- Is it wise to disable TLS 1.0/SSL3.0 completely?
- or is it better to inform users to upgrade their browsers?
For TLS 1.0 -- you can't disable it because then your site wouldn't work with a lot of the users.
For SSL 3.0 -- it should apply only to IE6 users on Windows XP, so showing them an error message might be a good idea.
Any kind of disabling should first be monitored by real usage by protocol. For example if using Apache httpd see the setting CustomLog in httpd-ssl.conf file.
It depends what your company is doing:
1. If your page is Linux oriented magazin, then you can most probably disable SSLv3.0 because it is inlikely that IE6 with Windows XP are visiting your web page.

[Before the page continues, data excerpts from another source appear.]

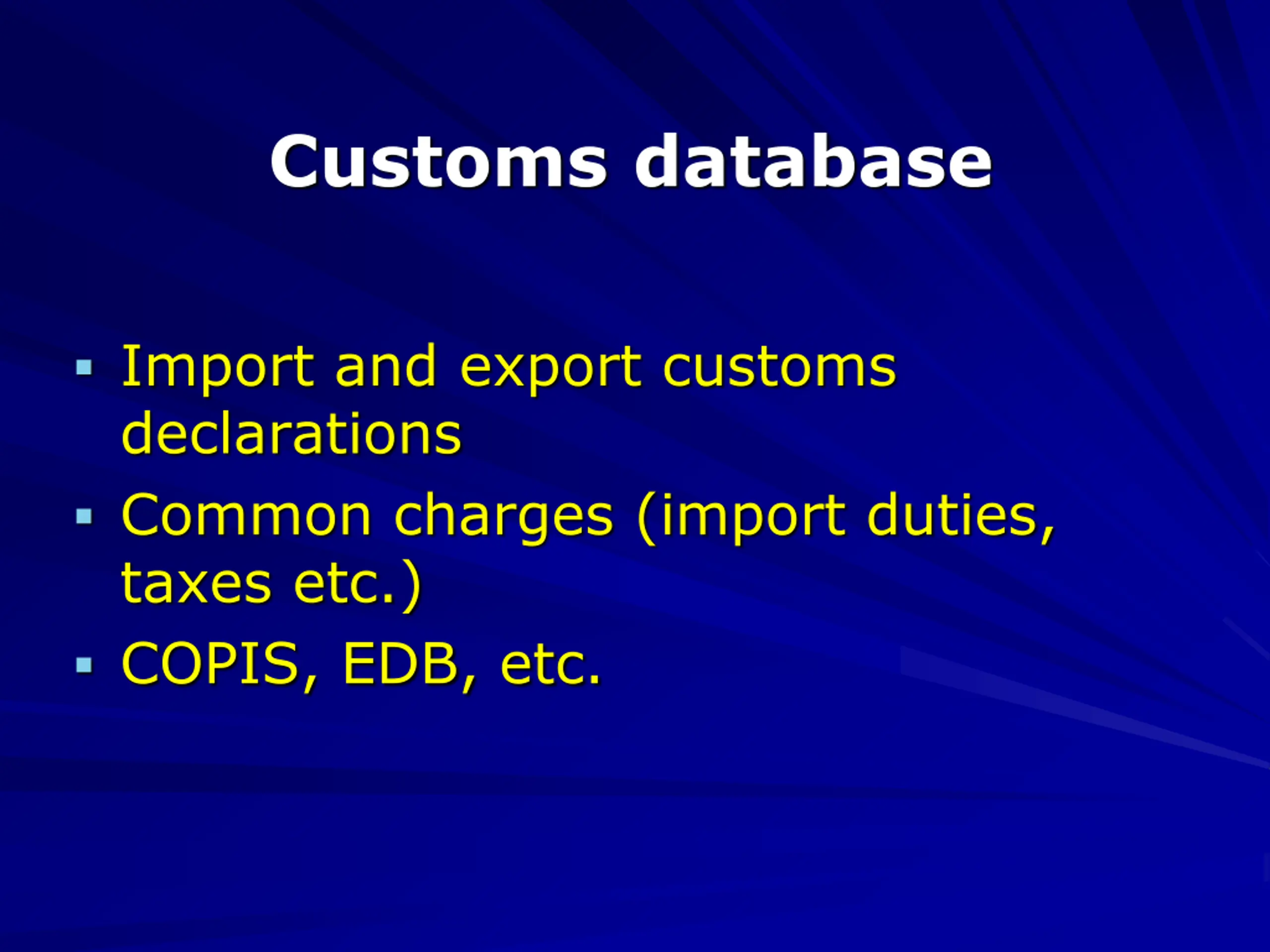 Customs database Import and export customs declarations Common charges (import duties, taxes etc.) COPIS, EDB, etc.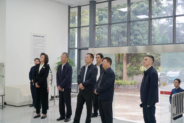 参观过程中,刘树根、李秋实向刘成鸣一行介绍了学校学科建设、科研创新、人才培养等情况。刘树根表示,学校始终坚守立德树人初心,坚持以高质量党建引领事业高质量发展,注重学科交叉渗透,坚持人才强校战略,加强人才队伍建设,抢抓战略机遇,不断改革创新,正努力实现学校内涵式高质量发展,瞄准申博条件和建设目标奋力前行。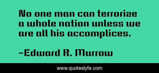 "Edward R. Murrow Quotes." Quoteslyfe.com, 2025. Sun. 07 Dec. 2025. <https://www.quoteslyfe.com/quote/No-one-man-can-terrorize-a-whole-56948>.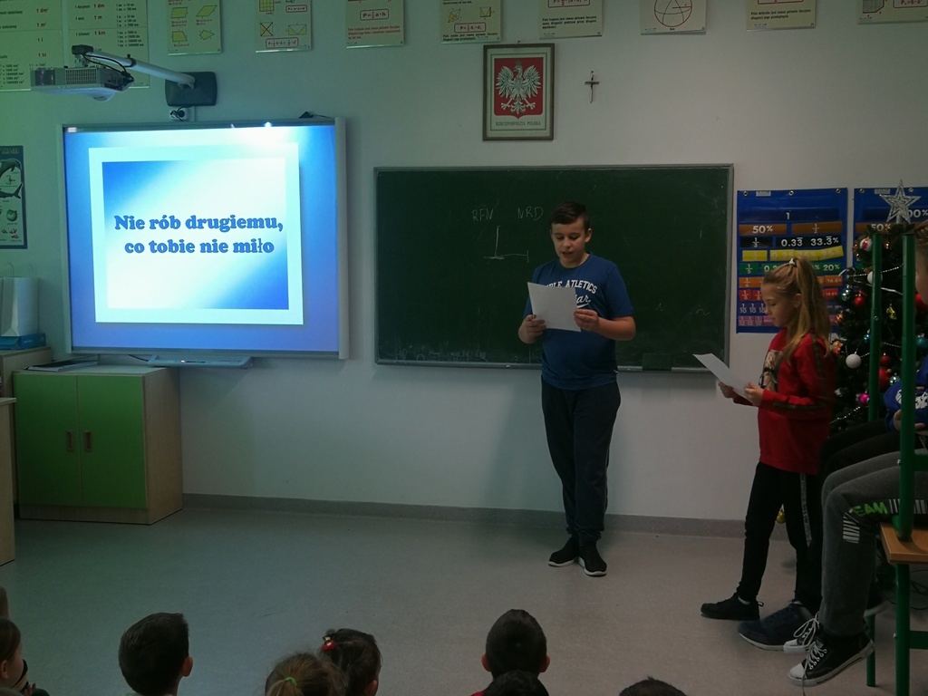 Aby tegoroczne ferie upłynęły wszystkim w spokoju, pani Anna Gozdek wraz z grupą uczniów zorganizowała apel dotyczący bezpiecznego wypoczynku. Uczniowie udzielili swoim kolegom i koleżankom bezcennych rad, by czas wolny od zajęć szkolnych był również okresem błogiego i bezpiecznego odpoczynku.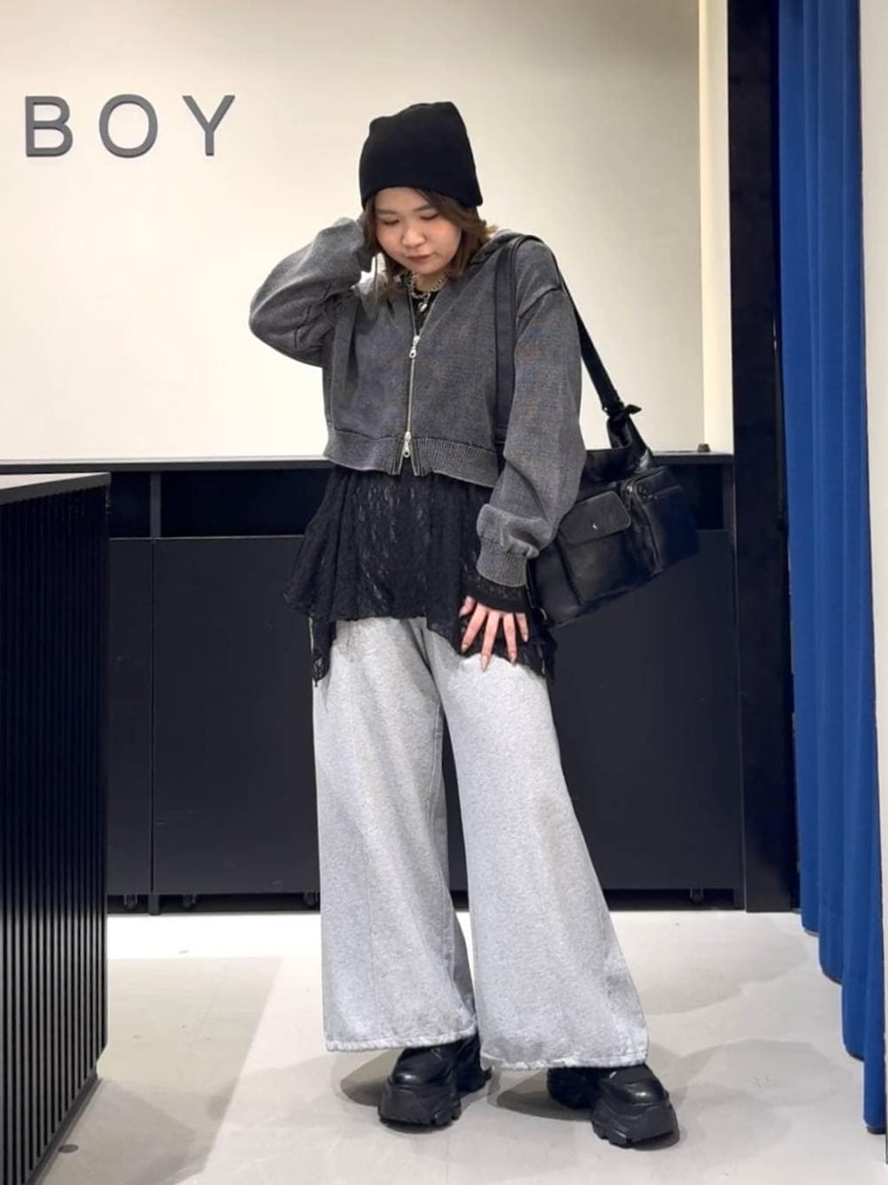 ニットZIPパーカーを使ったコーデ🖤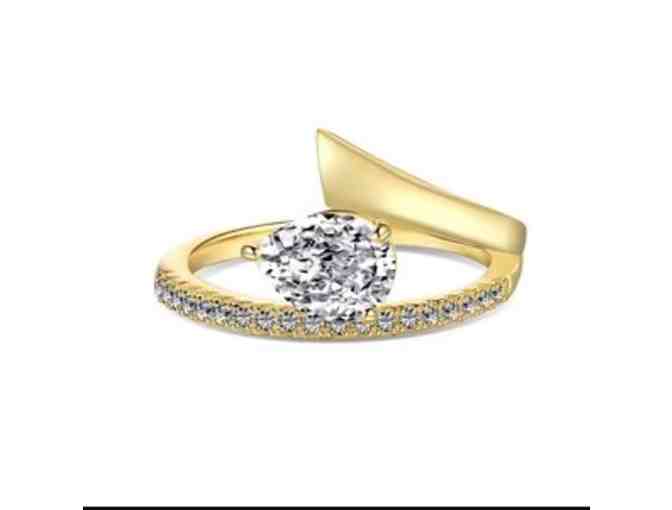 Bid now to win this 925 Sterling Silver 18K Gold Plated Gold-White Lab Sapphire Wedding Ring Size 5 for Women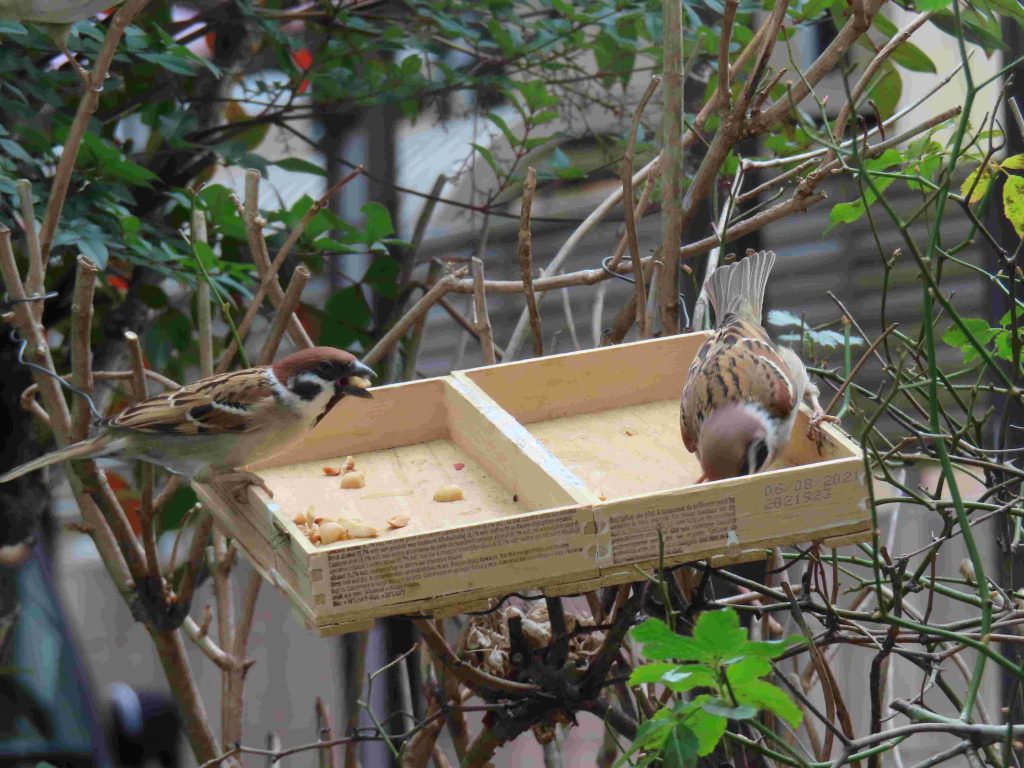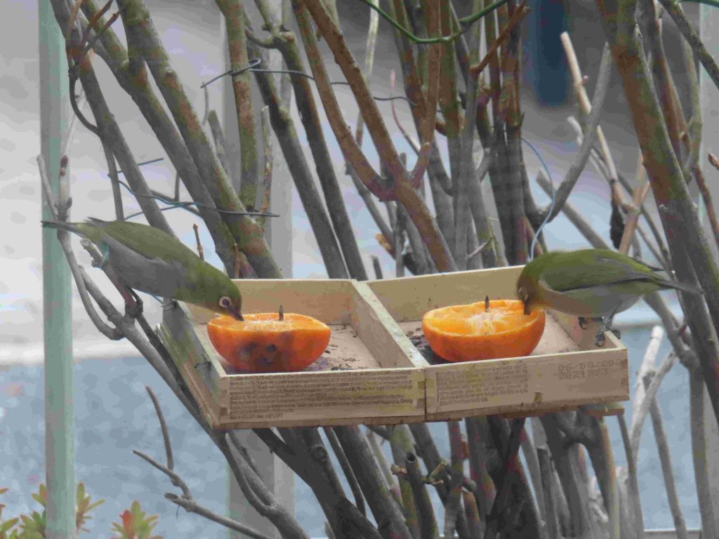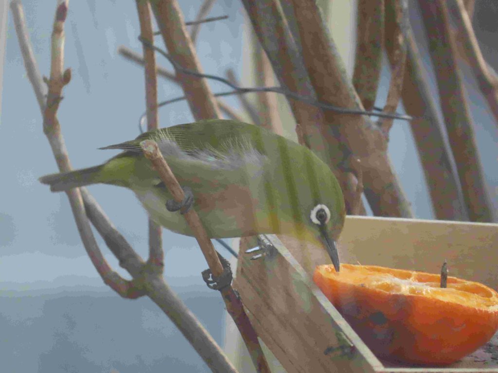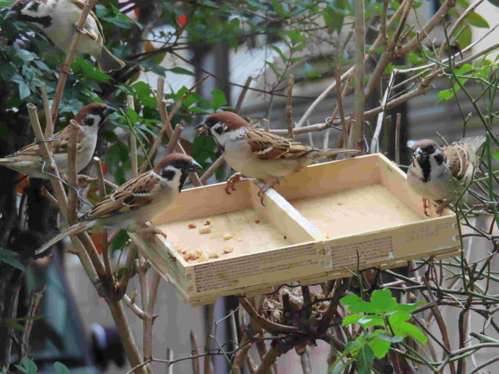 我が家の餌台の常連のシジュウカラ、スズメ、メジロたち。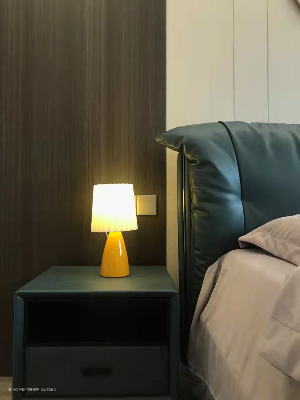 次卧的设计同样不失格调,暖色调的软装体现暖暖的生活氛围。床头采用射灯+线性灯的设计,简约的设计,极致的时尚。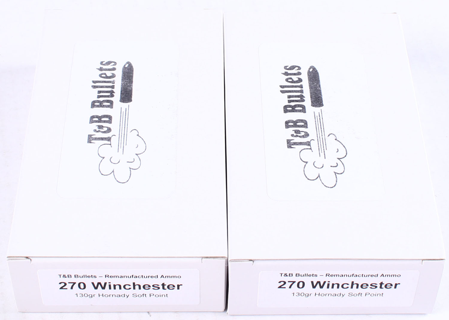 T&B Bullets, Lot of (2), .270 Winchester ammo boxes, Remanufactured Ammo by a class type 7 Ammo MFG (this is the same class (high quality) as Winchester, Federal and or CCI), 130 Grain Hornady soft point bullet, loaded cartridges, Full, 1pc, white boxes are very solid, ammo is minty. Grade: Excellent ++ - Value: 10 to 60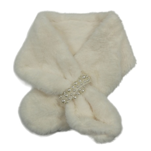 Smetanová kožešinová šála s perlami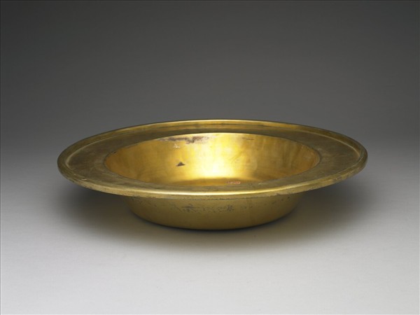 銅胎鍍金,盤口,豎邊,深壁漸收,平底。銅胎鍍金,全器光素無紋。器內底鏨刻「營造司造京平重八十八兩五錢」、「宣統癸丑年造」、「鍍金七兩八錢」楷字。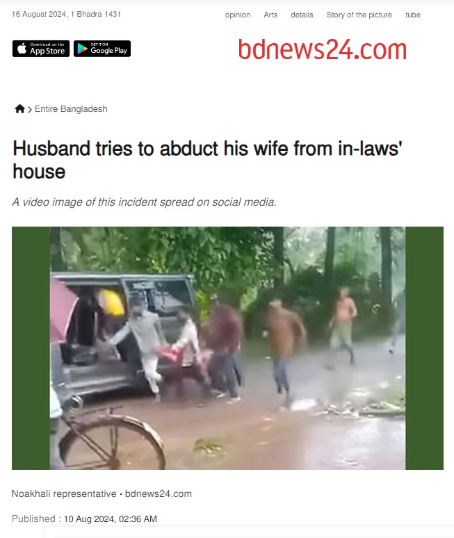 The news report detailed that a man abducted his wife on August 8, 2024, in the Senbagh area of the Noakhali district of Bangladesh. He was identified as Prasenjit, who came with his supporters in two small buses. When he was taking his wife n a vehicle, her screams attrated passersby who apprehended him.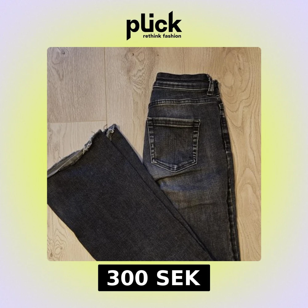 Snygga mörkgrå jeans från ONLY med fransad kant nertill. Lågmidjade, bootcut jeans med slits nertill. Storlek 32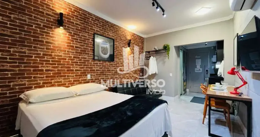 Charmoso e funcional, este kitnet no estilo estúdio está totalmente mobiliado e decorado, pronto para você entrar apenas com a mala. Um verdadeiro porteira fechada, pensado para conforto e praticidade.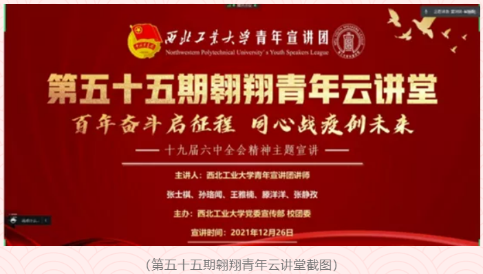2021年12月26日,我院团委组织全院团学青年线上参加第五十五期翱翔青年云讲堂,聆听青年宣讲团十九届六中全会主题宣讲。通过此次宣讲,同学们对十九届六中全会精神有了更加细致全面的了解。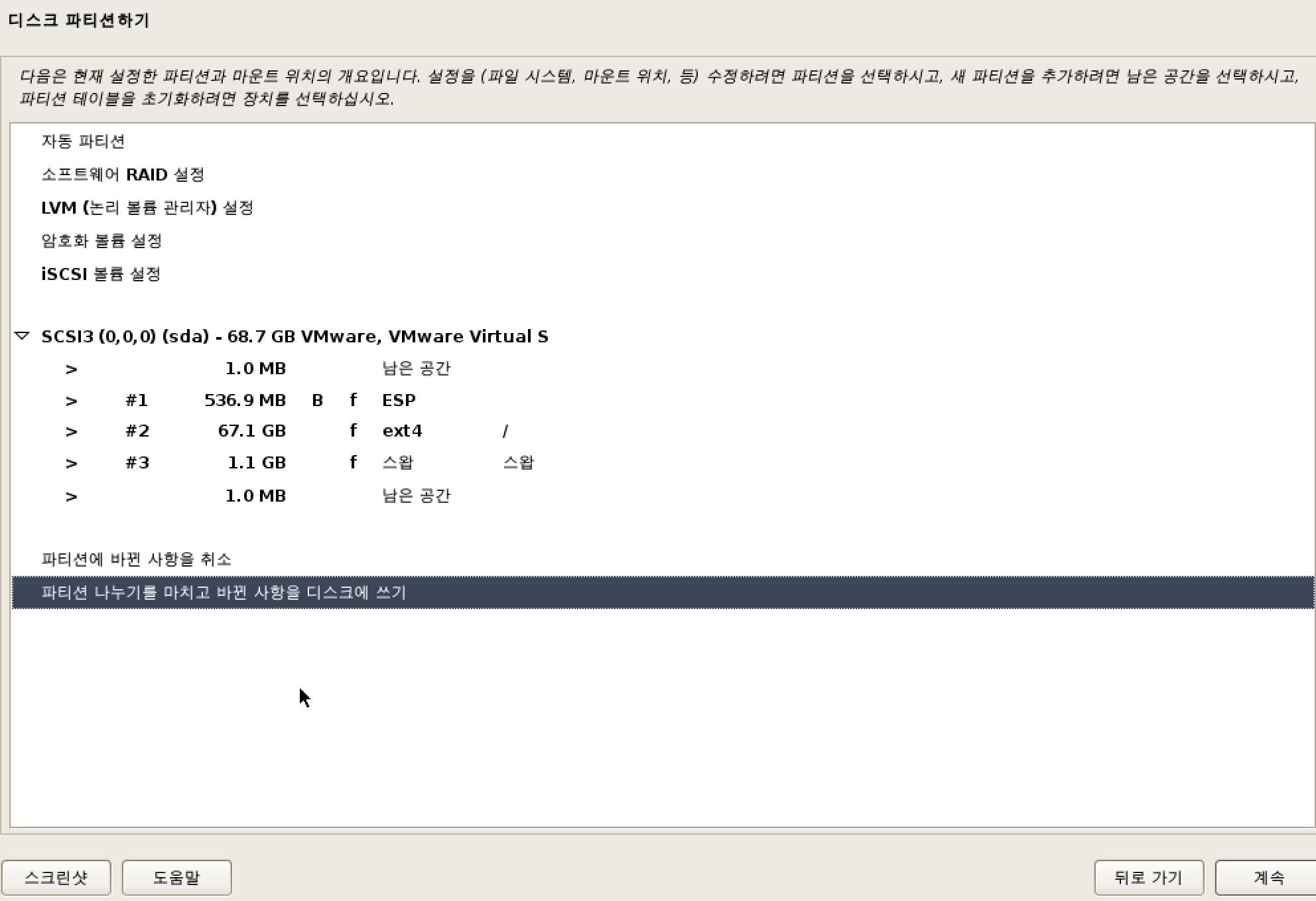 권장으로 선택되어 있는 파티션 나누기를 마치고 바뀐 사항을 디스크에 쓰기 선택후 계속 클릭합니다.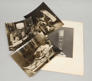 [PROTHÈSES, THÉRAPIE]. LOT DE 10 PHOTOGRAPHIES. Années 1930, épreuves argentiques. 3 photographies [245 x 195 mm] montées sur carton : atelier de prothèses et 2 modèles de prothèses de jambe. 7 photographies [260 x 205 mm] : établissements...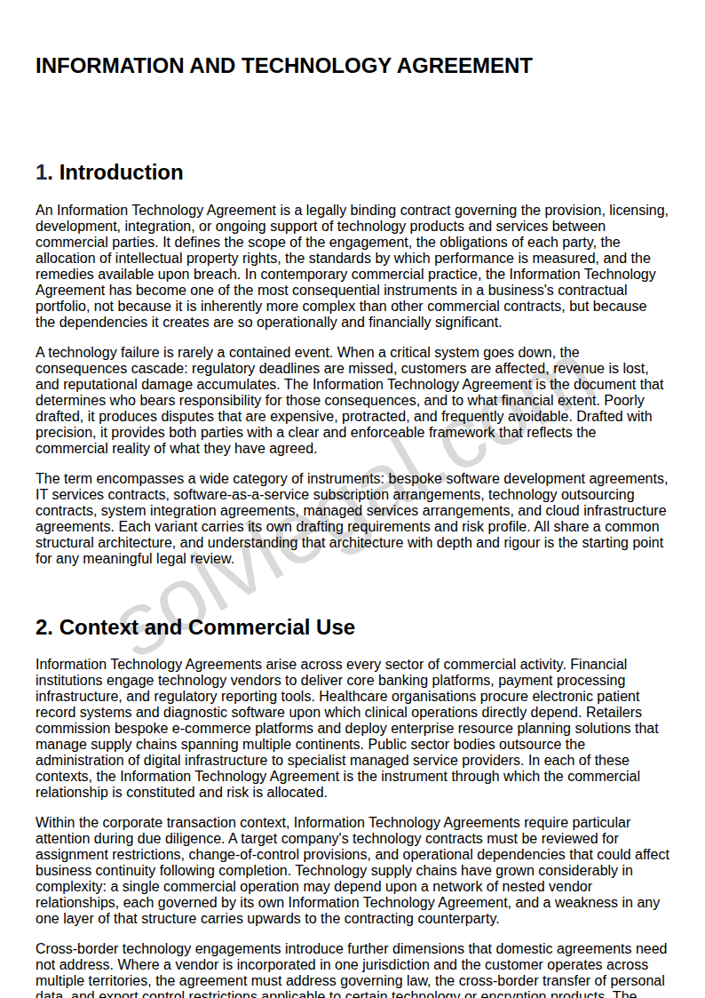 The Information Technology Agreement is a document whose apparent familiarity masks its legal complexity. Technology procurement has become routine in commercial life, and that routineness creates a tendency to treat the agreement as a standard-form instrument capable of execution with limited scrutiny. The consequences of that approach, loss of intellectual property rights, inadequate remedies for service failures, regulatory exposure from non-compliant data processing provisions, and operational dependency upon a vendor from whose contract there is no practical exit, are sufficiently serious to justify a different standard of engagement.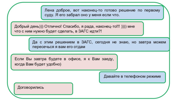 Когда закончилось одно из ее двух дел, и решение о расторжении ее брака вступило в законную силу, он ей написал чтобы договориться о встрече и отдать документ: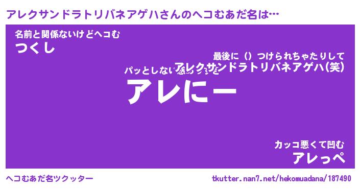 ポケモン風あだ名 | 『アレチュウ』『アレクダネ』 |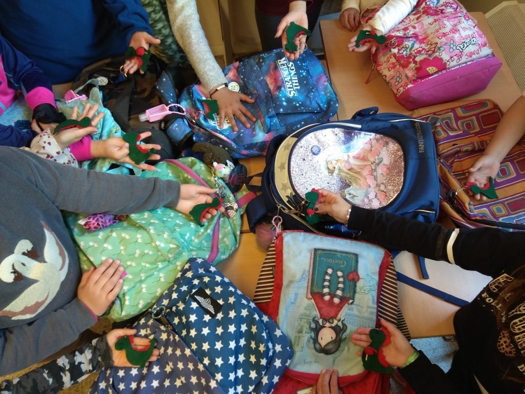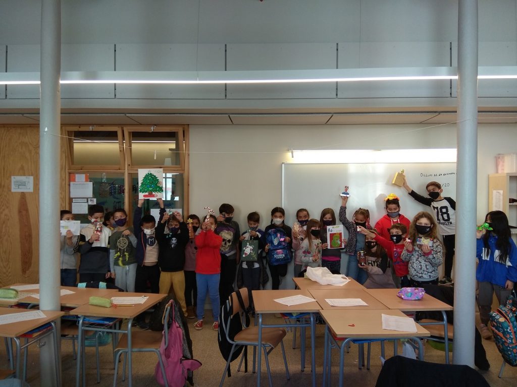 Les Meduses vam acomiadar el trimestre fent l’amic invisible. Abans d’obrir els regals, els més menuts de l’escola ens van passar a veure per donar-nos les neules i els torrons que el Tió havia cagat per la nostra classe. Cap nen i nena es va resistir a tastar el torró de xocolata! Al tornar del pati i amb la panxa plena va ser l’hora d’obrir els regals de l’amic invisible. I quines sorpreses: les Meduses van demostrar que estan fetes unes artistes! Meduses de roba, quadres, moneders, postals, jocs de taula, arbres de Nadal…i el millor de tot: els regals pels companys i companyes van ser fets a mà. Amb el bon regust de boca de l’amic invisible (i de la xocolata) vam desitjar-nos unes bones festes tot escoltant cançons de Nadal.

2. If your company is some kind of store, then make sure you don't "piss" the sells people because you have downgraded the profit of your company by disabling some protocol. You know you can disable protocol that are used by older people which have more money and are more conservative about upgrading browsers. So for example disabling 1% of users can result on lowering of 30% of profit.
3. On one my web servers which is used strictly from internal company network, I have disabled all protocols expect TLSv1.2 and also disabled all non-high ciphers. I am sure this web server is accessed by modern browsers, so I have a luxury and real freedom on protocol selection.
You can also post some info for example on top of web page for users using old browsers to upgrade. But be sure that this kind of message will be displayed on minimal possible users. Don't expect that they will upgrade, because there are probably not very computer literate or are using old browsers for some company rule of required browser or similar.
I suggest to do a job and first investigate (monitor web server) how many users are using SSLv3.0 or TLSv1.0 on your web page and then take some actions if required.
Can you provide more info what kind of web page your web server is serving?